= Dataset content =
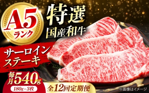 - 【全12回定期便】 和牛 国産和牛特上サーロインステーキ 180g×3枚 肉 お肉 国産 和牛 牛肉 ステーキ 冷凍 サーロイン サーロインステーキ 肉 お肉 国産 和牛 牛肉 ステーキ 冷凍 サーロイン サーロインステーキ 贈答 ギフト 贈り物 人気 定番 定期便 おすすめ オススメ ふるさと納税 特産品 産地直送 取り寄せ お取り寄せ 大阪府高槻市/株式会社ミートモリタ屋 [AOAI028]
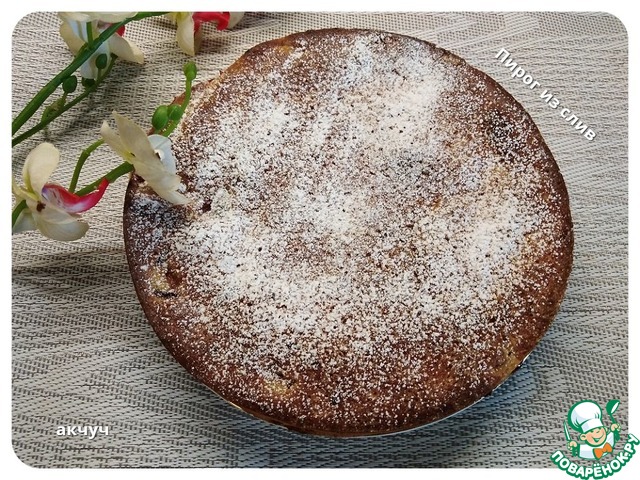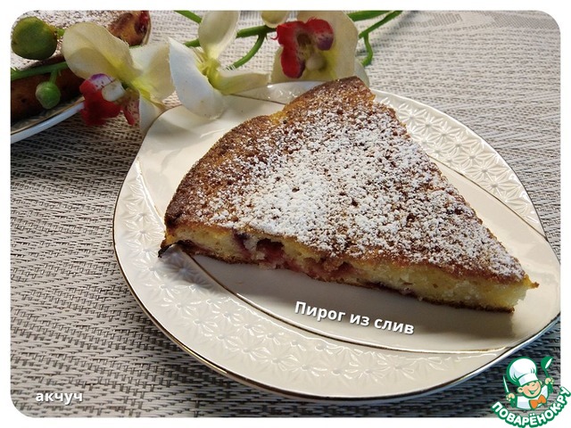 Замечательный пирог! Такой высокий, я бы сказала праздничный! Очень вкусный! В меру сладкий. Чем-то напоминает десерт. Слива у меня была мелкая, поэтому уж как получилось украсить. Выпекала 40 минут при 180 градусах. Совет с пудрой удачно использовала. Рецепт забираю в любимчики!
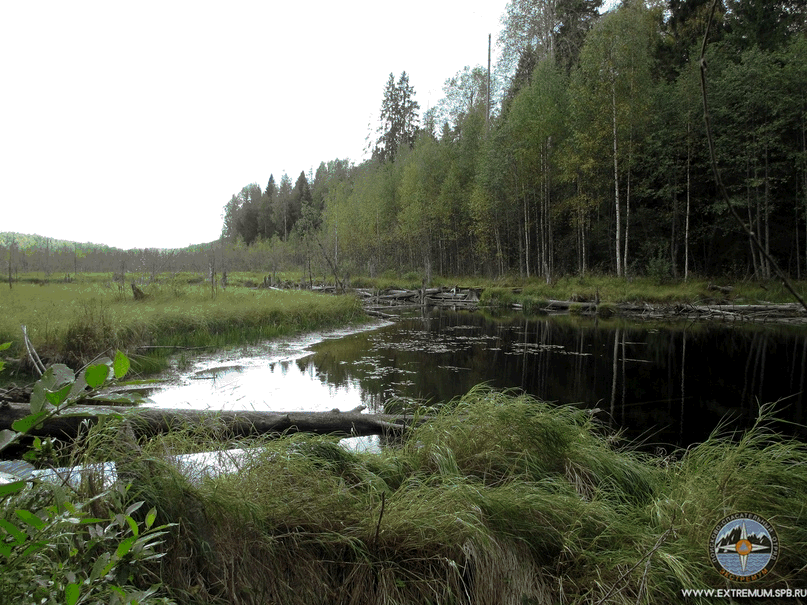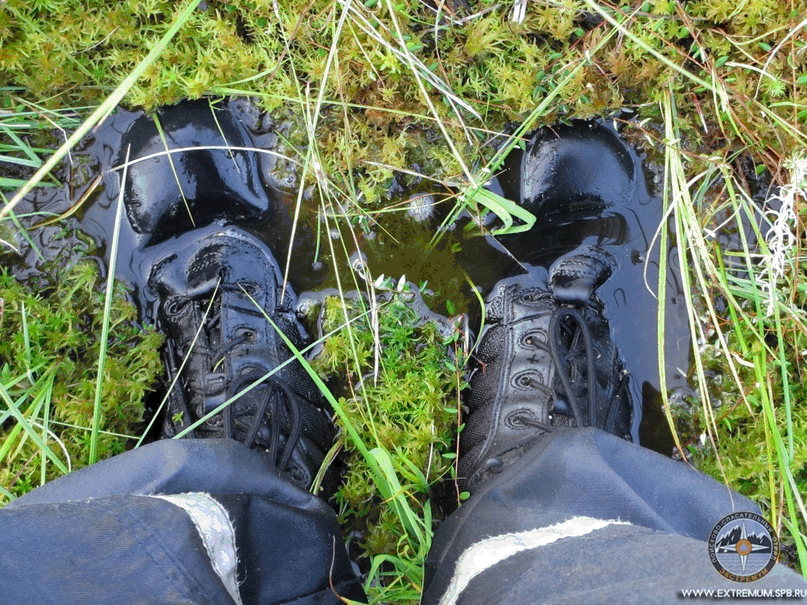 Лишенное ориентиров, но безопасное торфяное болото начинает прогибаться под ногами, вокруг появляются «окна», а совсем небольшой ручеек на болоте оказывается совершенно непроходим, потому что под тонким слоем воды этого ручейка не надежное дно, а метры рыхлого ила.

= What is needed =
The copy must reproduce the listing above verbatim and contain no pictures.

= Answer to this problem =
 - 【全12回定期便】 和牛 国産和牛特上サーロインステーキ 180g×3枚 肉 お肉 国産 和牛 牛肉 ステーキ 冷凍 サーロイン サーロインステーキ 肉 お肉 国産 和牛 牛肉 ステーキ 冷凍 サーロイン サーロインステーキ 贈答 ギフト 贈り物 人気 定番 定期便 おすすめ オススメ ふるさと納税 特産品 産地直送 取り寄せ お取り寄せ 大阪府高槻市/株式会社ミートモリタ屋 [AOAI028]
 Замечательный пирог! Такой высокий, я бы сказала праздничный! Очень вкусный! В меру сладкий. Чем-то напоминает десерт. Слива у меня была мелкая, поэтому уж как получилось украсить. Выпекала 40 минут при 180 градусах. Совет с пудрой удачно использовала. Рецепт забираю в любимчики!
 Лишенное ориентиров, но безопасное торфяное болото начинает прогибаться под ногами, вокруг появляются «окна», а совсем небольшой ручеек на болоте оказывается совершенно непроходим, потому что под тонким слоем воды этого ручейка не надежное дно, а метры рыхлого ила.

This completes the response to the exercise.